Pourtant le groupe est riche de potentialités : il peut jouer un rôle d’étayage au même titre que le psychologue, dans ses interactions, dans le croisement des regards et des référents théoriques de ses acteurs. Le psychologue-animateur n’est donc pas seul dans le groupe pour prendre en charge ; il peut s’étayer du groupe lui-même, et lâcher, comme il sait lâcher son fantasme de maîtrise dans l’entretien. Là aussi le cadre semble déterminant comme contenant, et une méthode d’analyse des pratiques (GEASE, GAPP etc.), dans ses exigences éthiques et méthodologiques, et à laquelle on peut se former,  peut sécuriser le groupe (…et son animateur), l’amener à travailler.

 

Le remaniement, ou l’élargissement de la professionnalité du psychologue peut être pour lui un enrichissement personnel et professionnel, si un certain nombre de conditions sont réunies (de transfert de compétences, d’acquisition de nouvelles compétences, de formation complémentaire, de reconnaissance institutionnelle…) ?

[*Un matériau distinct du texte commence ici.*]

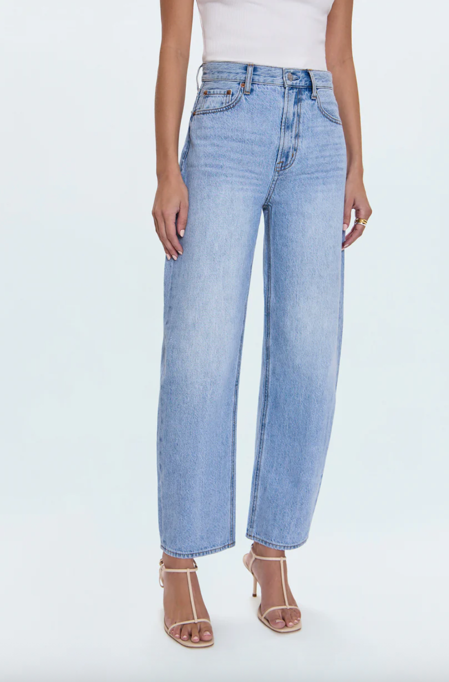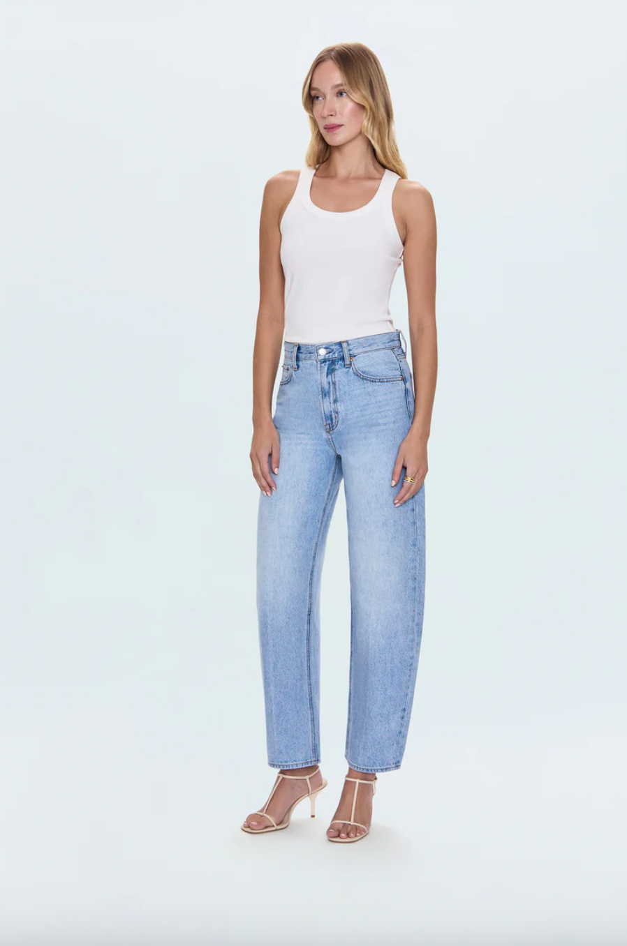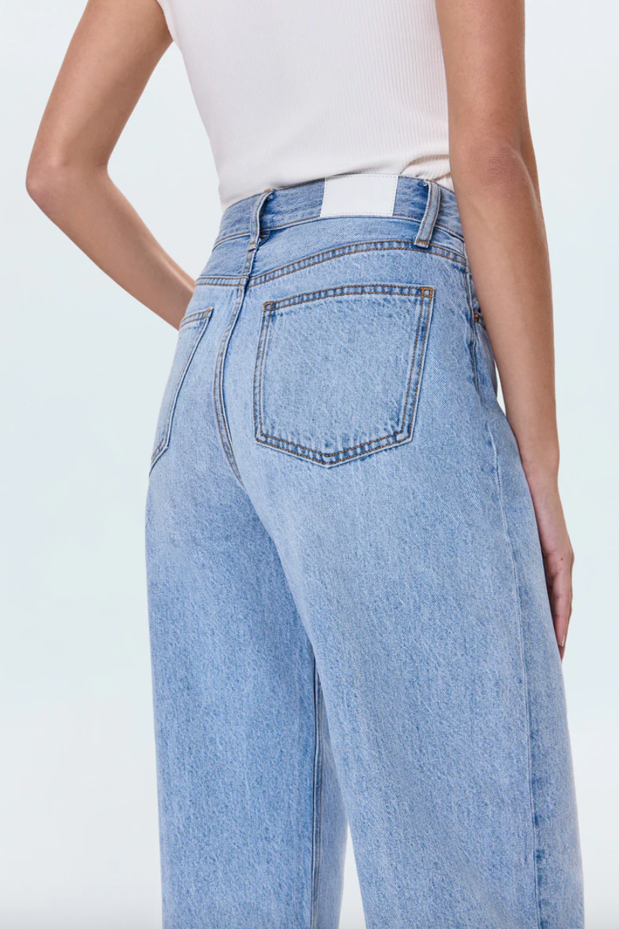 Meet Wes in Gaze, your new go-to for a modern, refined denim look. These jeans feature a flattering high-rise waist and a full-length 30" inseam, leading to a stylish barrel leg silhouette. Crafted from our premium rigid non-stretch denim, they provide an expert fit that truly holds its shape, ensuring a polished look all day long.

Travailler à l’aide à l’APP, c’est accompagner les personnes à s’accompagner elles-mêmes face à l’évolution difficile de leur carrière et incertaine de leur vie. C’est aussi les faire travailler en groupe, à un moment où l’individualisme peut ruiner les solidarités professionnelles et humaines. Or le groupe est socialisateur, il apprend à vivre ensemble : on peut y apprendre à écouter l’autre, le comprendre, et l’étayer ; on peut aussi y apprendre à parler, s’entendre et être entendu, et pas seulement par un spécialiste payé pour ce travail. A l’heure où l’on peut faire jouer à l’entretien individuel le rôle de renarcissation d’individus blessés par les formes d’organisation économique et sociale actuelles – ce qui évite la critique sociale du système à l’origine de ces blessures, en individualisant et psychologisant les solutions -, il n’est peut être pas inutile que des psychologues s’investissent dans l’animation de groupes qui développent des habitus de socialisation démocratique des individus et des groupes. Ce peut être une dimension politique du travail de psychologue.